Recorded information —
────

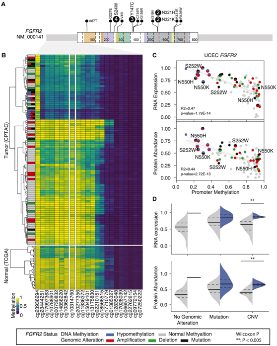 包括FGFR2和EGFR在内的几种受体酪氨酸激酶 (RTK)分别在 UCEC 和各种癌症类型中经常出现低甲基化(图 2C)。为了分析低甲基化RTK对癌基因激活的作用,他们检测了启动子甲基化与遗传改变之间的关系,确定了突变、融合和拷贝数变异(CNV) 及其对 RTK RNA 和蛋白质水平的影响。
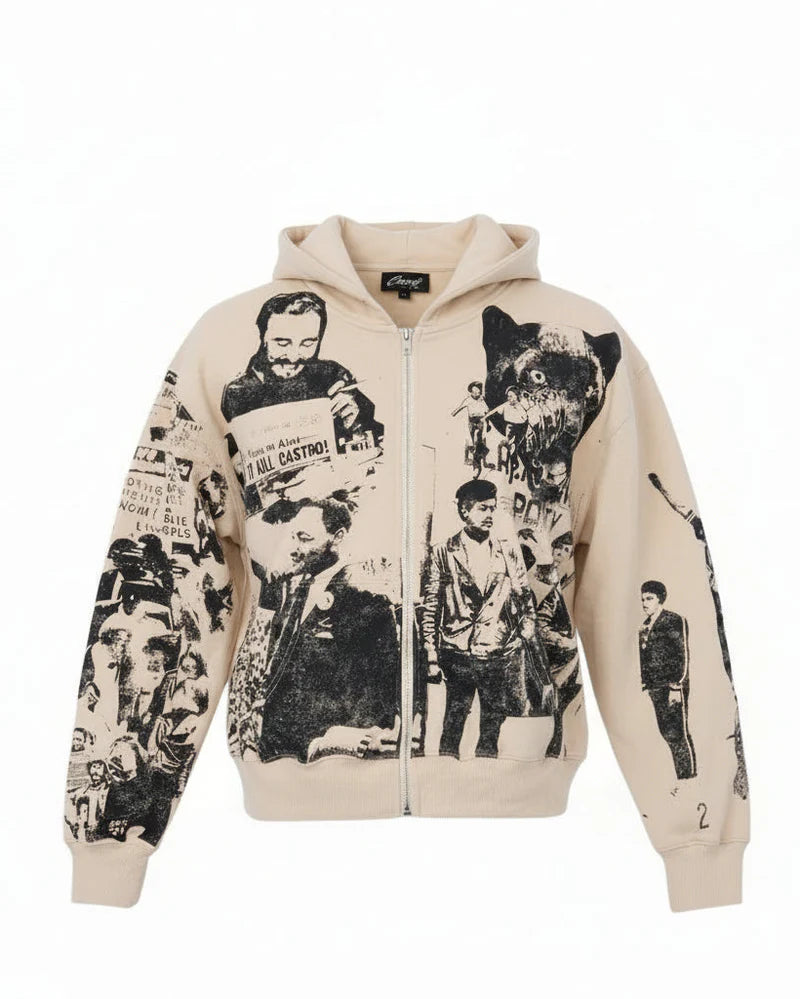 The Revolt Zip Hoodie by Concept LA is a bold statement piece that blends streetwear energy with raw, expressive design. This full zip hoodie features an all over graphic collage that pulls from protest imagery, vintage photo prints, and gritty textures, giving it a worn in, rebellious feel that stands out without trying too hard. The neutral beige base keeps it easy to style, while the high contrast black graphics add depth and attitude from every angle. Designed with a comfortable relaxed fit, this zip up hoodie is perfect for everyday wear, whether you’re layering it over a tee or wearing it as the main piece. The full zip front, ribbed cuffs, and hooded construction bring classic streetwear functionality, while the detailed artwork sets it apart from standard hoodies. Ideal for fans of graphic hoodies, statement zip hoodies, and contemporary street fashion, the Revolt Zip Hoodie fits right into modern urban style and pairs effortlessly with denim, cargos, or stacked jeans.
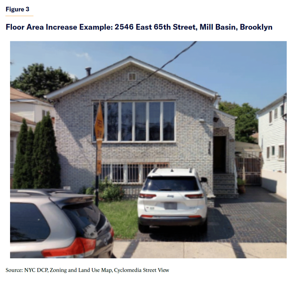 We can see the effects via an example of a 4,000 square foot, 40’ x 100’ lot in an R3-1 district. This district permits detached and semidetached (i.e., attached to another house on only one side) one- and two-unit homes.[46] Current zoning permits 0.6 FAR, or 2,400 square feet of floor area. This floor area would likely be developed in a detached two-story, two-family home, with one unit above the other. Figure 3 shows an example of such a house, located in an R3-1 district in Mill Basin, Brooklyn.
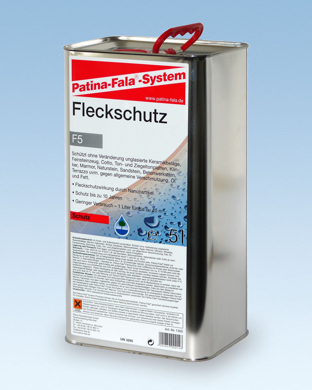 Der Patina-Fala F5 Fleckschutz 5 Liter ist eine hochwertige Imprägnierung zum Schutz saugfähiger mineralischer Oberflächen vor Verschmutzungen und Fleckenbildung.
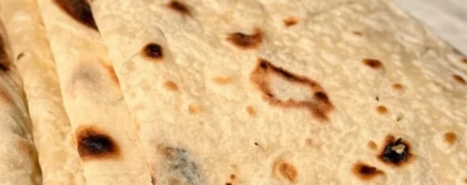 - Den Teig in 8 gleichmäßige Stücke mit einem Gewicht von je ca. 100 g teilen, dünn ausrollen und auf einem umgedrehten, erhitzten Backblech von beiden Seiten ausbacken, wie im Video gezeigt.
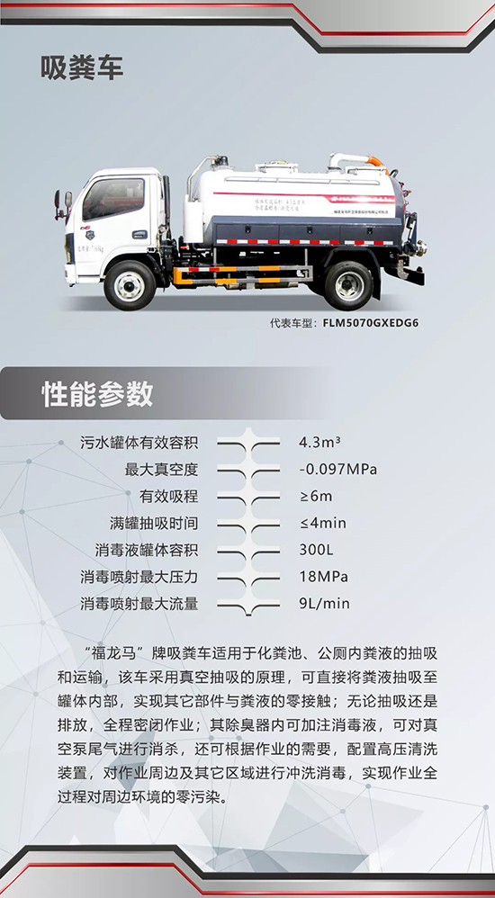 “福龍馬”牌吸糞車,適用于化糞池、公廁內(nèi)糞液的抽吸和運輸,該車采用真空抽吸的原理,可直接將糞液抽吸至罐體內(nèi)部,實現(xiàn)其它部件與糞液的零接觸;無論抽吸還是排放,全程密閉作業(yè),可有效杜絕運輸過程中出現(xiàn)的滴、灑、漏現(xiàn)象。
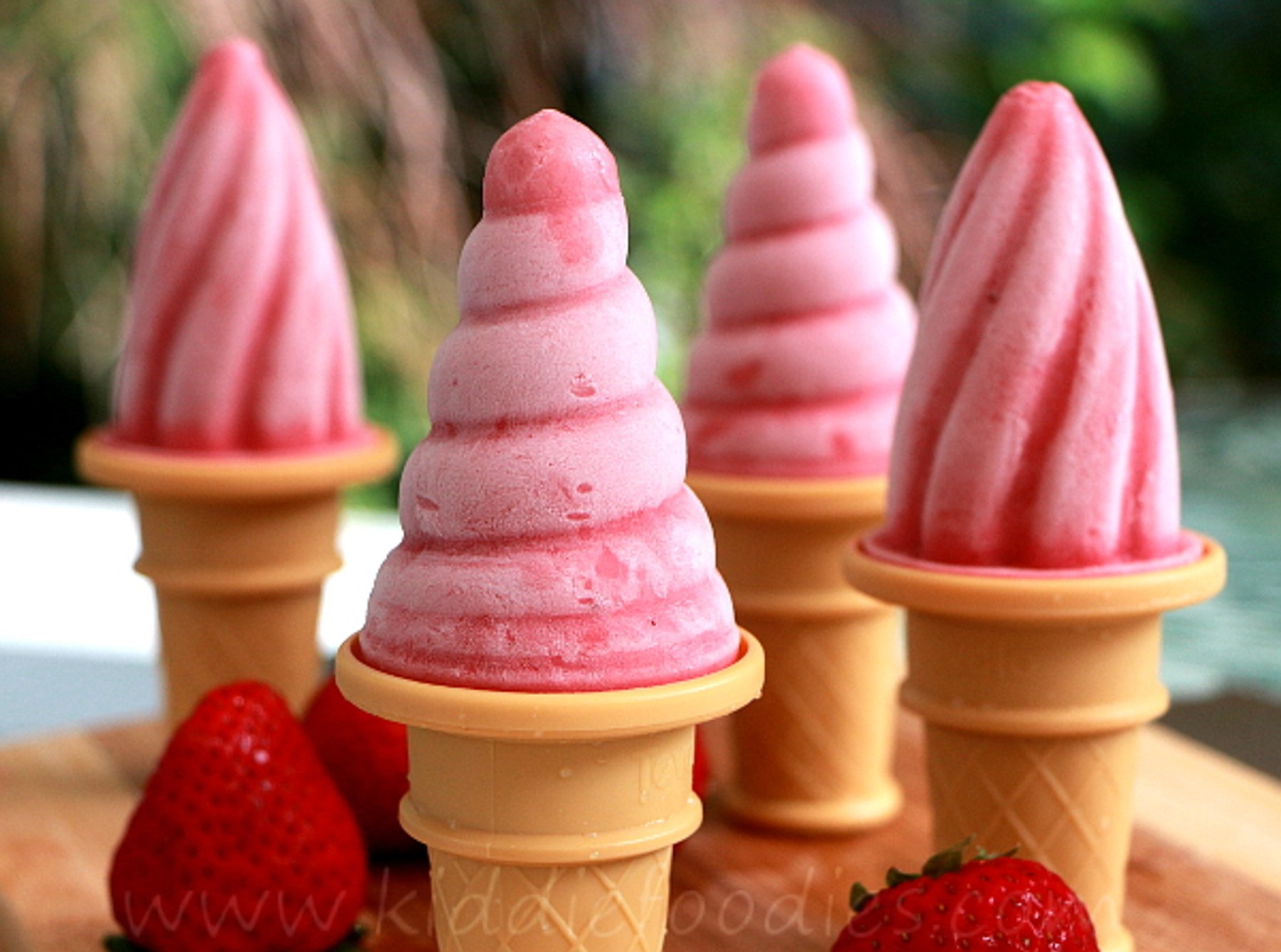 Homemade ice cream pops, made of strawberry, frozen yogurt and agave syrup. Great cold summer treat that the whole family will love. Easy Popsicle recipe.
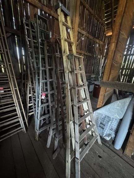 ASSORTED ORCHARD TRI-LADDERS, WOODEN, ASSORTED SIZES (15)
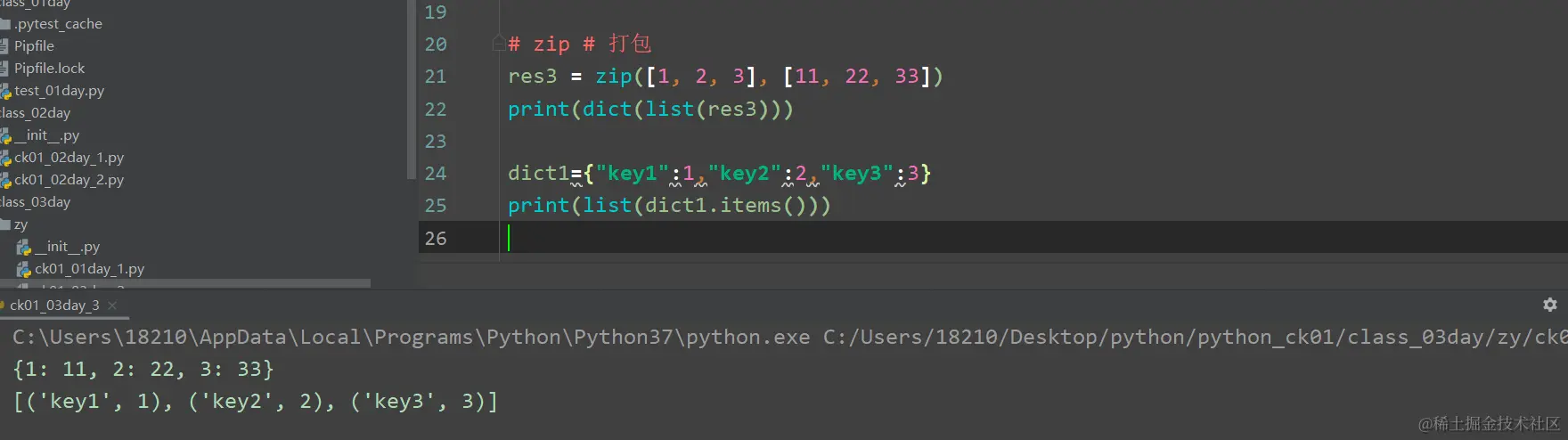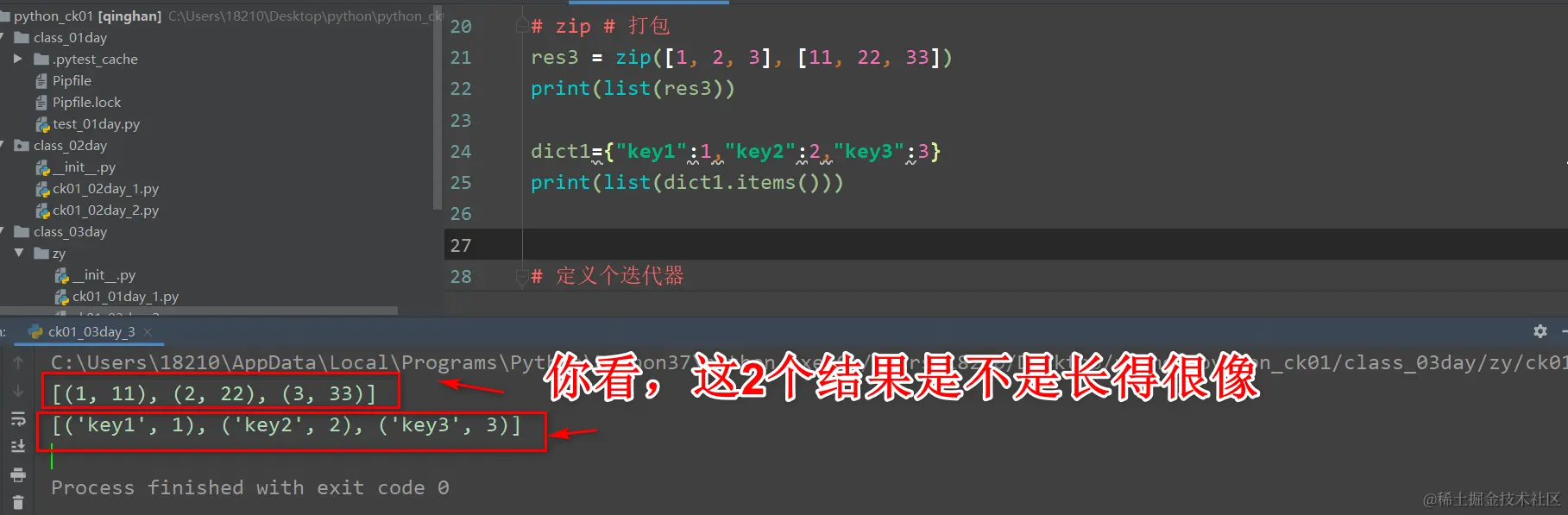 使用zip()函数传入 2 个可迭代对象,把第一个可迭代对象的第一个元素和第二个可迭代对象的第一个元素拿出来打包成一个元组,后面以此类推。
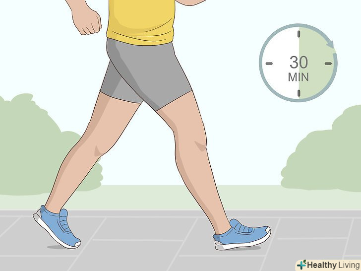 Регулярно виділяйте 30 хвилин на помірні фізичні вправи.якщо ви будете намагатися кожен день вправлятися хоча б по 30 хвилин, ви можете швидко і істотно знизити артеріальний тиск. Виконуйте фізичні вправи і ведіть активний спосіб життя.[19]- Перш ніж збільшити навантаження, обов'язково проконсультуйтеся з лікарем. Різке збільшення фізичного навантаження підвищує ризик серцевого нападу або інсульту.
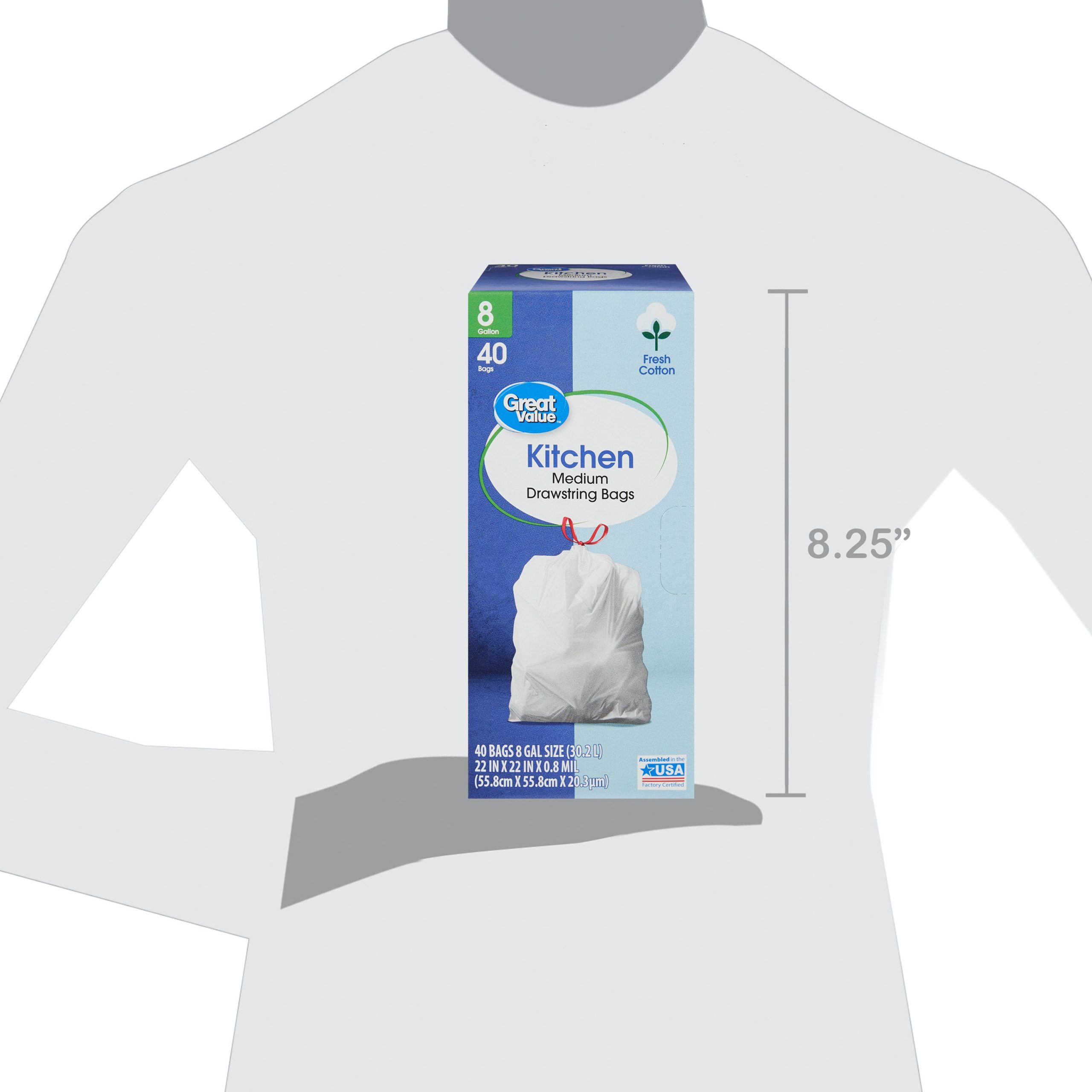 Take charge of daily household demands with our Great Value Medium Drawstring Kitchen Bags with Fresh Cotton Scent. These trash bags have a 8-gallon capacity and are designed to handle everyday trash loads around the house or in the workplace. They are made of strong, tear-resistant plastic and their drawstring closure makes them easy to lift, carry, and toss away. Each box comes with 40 bags to provide you with long-lasting trash control solutions. Check out other Great Value products to satisfy all your cleaning and organizing needs. Keep your home clean and tidy with our Great Value Drawstring Kitchen Bags with Fresh Cotton Scent.

────

Aim of the task — Your job is to restate, word for word, only the lines from the one holding "ASSORTED ORCHARD TRI-LADDERS, WOODEN, ASSORTED" through the end of the material; pictures stay out.

Reply —
 ASSORTED ORCHARD TRI-LADDERS, WOODEN, ASSORTED SIZES (15)
 使用zip()函数传入 2 个可迭代对象,把第一个可迭代对象的第一个元素和第二个可迭代对象的第一个元素拿出来打包成一个元组,后面以此类推。
 Регулярно виділяйте 30 хвилин на помірні фізичні вправи.якщо ви будете намагатися кожен день вправлятися хоча б по 30 хвилин, ви можете швидко і істотно знизити артеріальний тиск. Виконуйте фізичні вправи і ведіть активний спосіб життя.[19]- Перш ніж збільшити навантаження, обов'язково проконсультуйтеся з лікарем. Різке збільшення фізичного навантаження підвищує ризик серцевого нападу або інсульту.
 Take charge of daily household demands with our Great Value Medium Drawstring Kitchen Bags with Fresh Cotton Scent. These trash bags have a 8-gallon capacity and are designed to handle everyday trash loads around the house or in the workplace. They are made of strong, tear-resistant plastic and their drawstring closure makes them easy to lift, carry, and toss away. Each box comes with 40 bags to provide you with long-lasting trash control solutions. Check out other Great Value products to satisfy all your cleaning and organizing needs. Keep your home clean and tidy with our Great Value Drawstring Kitchen Bags with Fresh Cotton Scent.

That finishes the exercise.